When you train a model that supports video, the training runs in two stages. The first stage uses image observations. The second stage uses video fragments together with a mix of images. You do not need to configure this — Vidsy handles it automatically as long as you have labeled video observations in your index.

Labels are frame-precise. An annotation is only applied to the frames where it actually exists. Frames with no annotation produce negative training examples, teaching the model what the absence of a detection looks like.

Capturing a video fragment

A video fragment is a short MP4 clip saved from a recording into an index. It becomes a video observation that you can annotate.

To capture one, play or scrub a recording to the moment you want, then take a snapshot. In the snapshot dialog, check As video and set the number of analysis frames to determine how long the clip will be. Vidsy extracts the clip centred on your current position and saves it into the active index. Any detections already present at that point in the recording are copied into the fragment with adjusted timestamps.

Once a video fragment appears in your search results, open it and use the video controls to play, pause, change playback speed, return to the fragment start, or open the snapshot dialog.

For precise labeling, use Left Arrow and Right Arrow to jump one analysis frame backward or forward. Arrow key navigation uses the analysis frame interval, typically about 150 ms, which matches the resolution the model uses during analysis. This makes it easy to step through a clip without landing on frames that the model will never see.

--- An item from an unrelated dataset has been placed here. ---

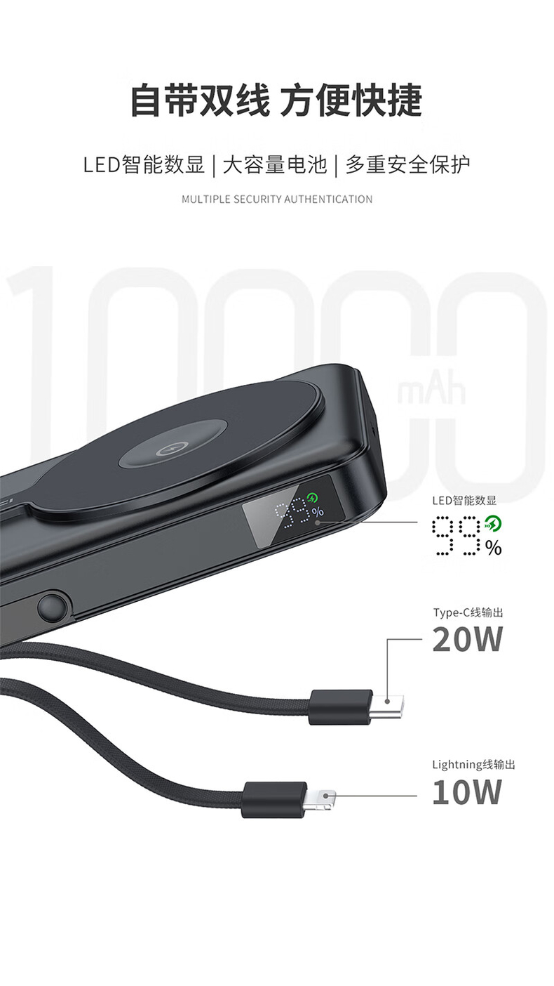 锐思RPB W27 10000mAh 银河快充移动电源 钛金色
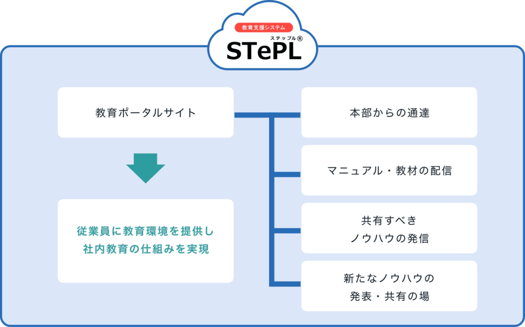 「STePL(ステップル)」とは、自己学習と情報共有の学習環境を構築し、研修業務の効率化をサポートするクラウド型の教育支援システムです。

For the full shortcut list, including play/pause, snapshot, and frame copy/paste, see Video Controls.

Annotating frames

With the video paused at a frame, draw ROI boxes or place keypoints the same way you would on an image. Annotations are stored with the exact timestamp of the frame, so they are linked to that precise moment in the clip.

You only need to annotate the frames that matter. Frames without annotations are still included in training as negative examples — you do not have to explicitly mark them as empty.

Copying annotations across frames

When the same object appears across several consecutive frames with little movement, copying saves significant time.

  1. Pause the video at a well-annotated frame.
  2. Press Shift+Ctrl+C to copy all boxes and keypoints at that frame.
  3. Use or to move to the next frame.
  4. Press Shift+Ctrl+V to paste the annotations.

Paste is smart about it: if the observation does not yet cover the target frame's timestamp, its time bounds are extended automatically to include it. If no observation exists at that position, a new one is created.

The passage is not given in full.